Imaging Sinonasal Disease: The Radiologist′s Arsenal
Plain Film Radiographs
Computed tomography (CT) has replaced plain film radio-graphs as the primary modality in evaluating sinonasal disease. Functional endoscopic sinonasal surgery (FESS) has supplanted external procedures like the Caldwell-Luc and maxillary antrostomy for the treatment of sinusitis. This has required much better and precise anatomic delineation, which is not provided by plain film radiographs. Overlapping structures on plain film radiographs limit evaluation of the ostiomeatal complex, as well as the individual paranasal sinuses. There is also insufficient detail regarding the osseous framework of the sinonasal cavity. There are a few limited applications for radiographs. They are sometimes obtained in intensive care unit settings when sinusitis is suspected or needs to be excluded and the patient is too sick to come to the radiology department for CT imaging. However, the increasing availability of portable CT units has resulted in progressive decrease in the use of radio-graphs for this purpose.
Computed Tomography
As FESS has replaced external surgical procedures for treating sinusitis, CT imaging has become necessary to provide the surgeon with precise anatomic information as seen by the endoscopist. Surgery is directed toward removing blockages to mucociliary clearance at the ostiomeatal complex. For the surgeon performing FESS, coronal CT is ideal as it simulates the appearance of the sinonasal cavity from an endoscopic view ( Fig. 3.1A–D ).
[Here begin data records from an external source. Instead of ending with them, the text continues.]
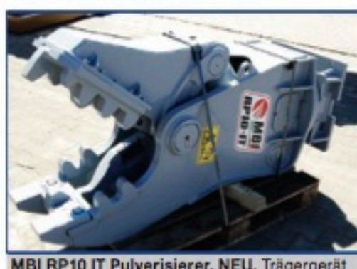
MBI RP10 IT Pulverisierer, NEU, Trägergerät 10-18 to., Einsatzgewicht 1.100 kg., Schneidkraft 159to., Aufnahme nach Wunsch gegen Aufpreis, Preis: 26.000€
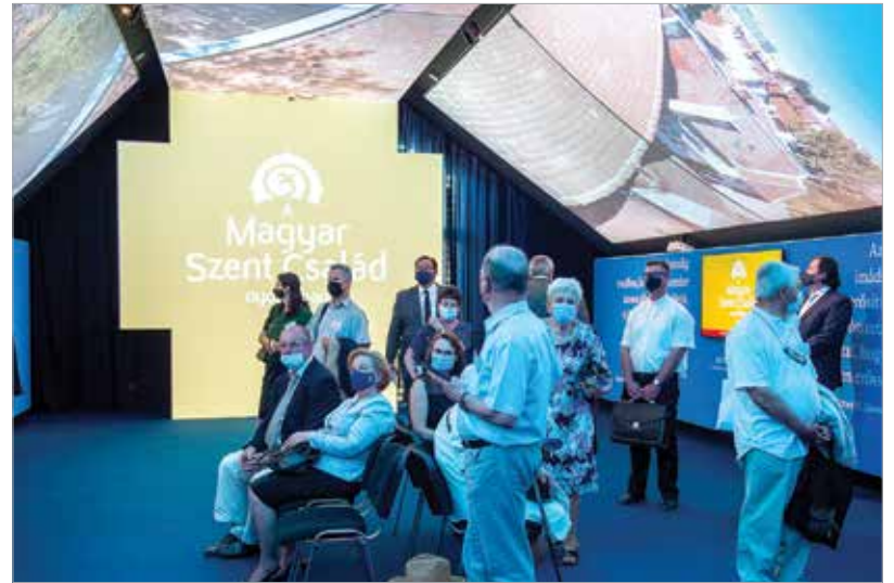
Modern vizuális eszközök, ezeréves tartalom

A polgármester kiemelte az épület létrehozásának jelentőségét, ami a fehérváriakat, Fejér megyeiket, magyarokat vagy az idelátogató külföldi vendégeket fogja megszólítani, méltó körülmények között bemutatva a város és az ország múltját, értékeit.
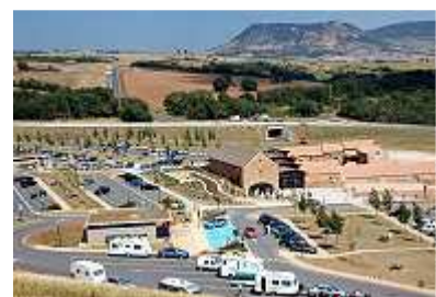
Rastplatz mit Informationspavillon
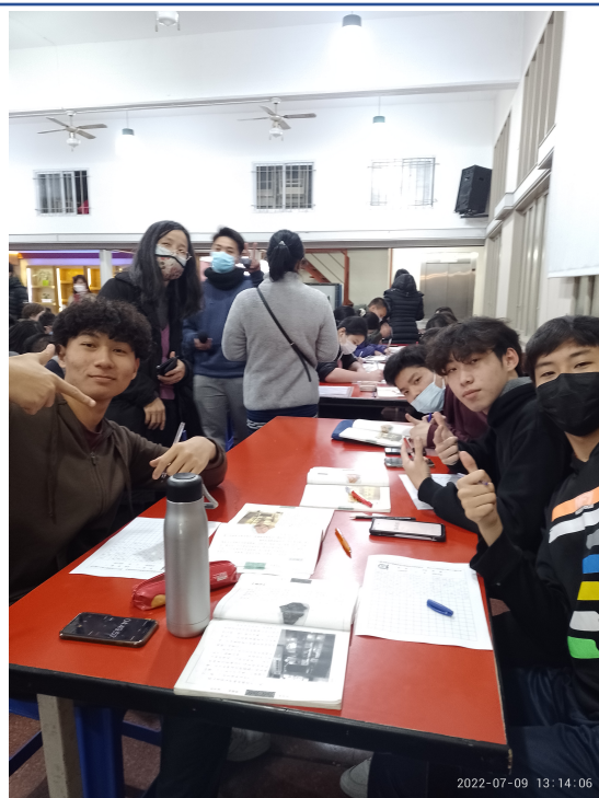
111學年度愛育學校正體漢字文化節「全校寫字比賽」3

Direct coronal thin section imaging (1 to 3 mm) is frequently obtained through the paranasal sinuses.7 Using the newer helical CT scanners, high quality axial reformatted images may be created from these coronal images. Alternatively, direct axial CT imaging may be performed with subsequent creation of coronal reformatted images. The recent literature suggests the use of low-dose CTs to decrease radiation exposure to the lenses.8–13 Many computer software programs allow instant three plane reconstructions (coronal and sagittal reconstructions from axial images). Intravenous contrast material is usually not necessary for imaging sinonasal inflammatory disease. Should CT imaging show findings such as bone destruction or an extension of disease outside the sinonasal cavity concerning for a more aggressive process like a neoplasm or invasive sinusitis, magnetic resonance imaging (MRI) should be obtained with and without intravenous contrast (gadolinium) administration, which is a more sensitive study.7,14,15 If the patient has a contraindication to MRI (i.e., pacemaker) and an enhanced study is indicated, then contrast-enhanced CT is the appropriate alternative study.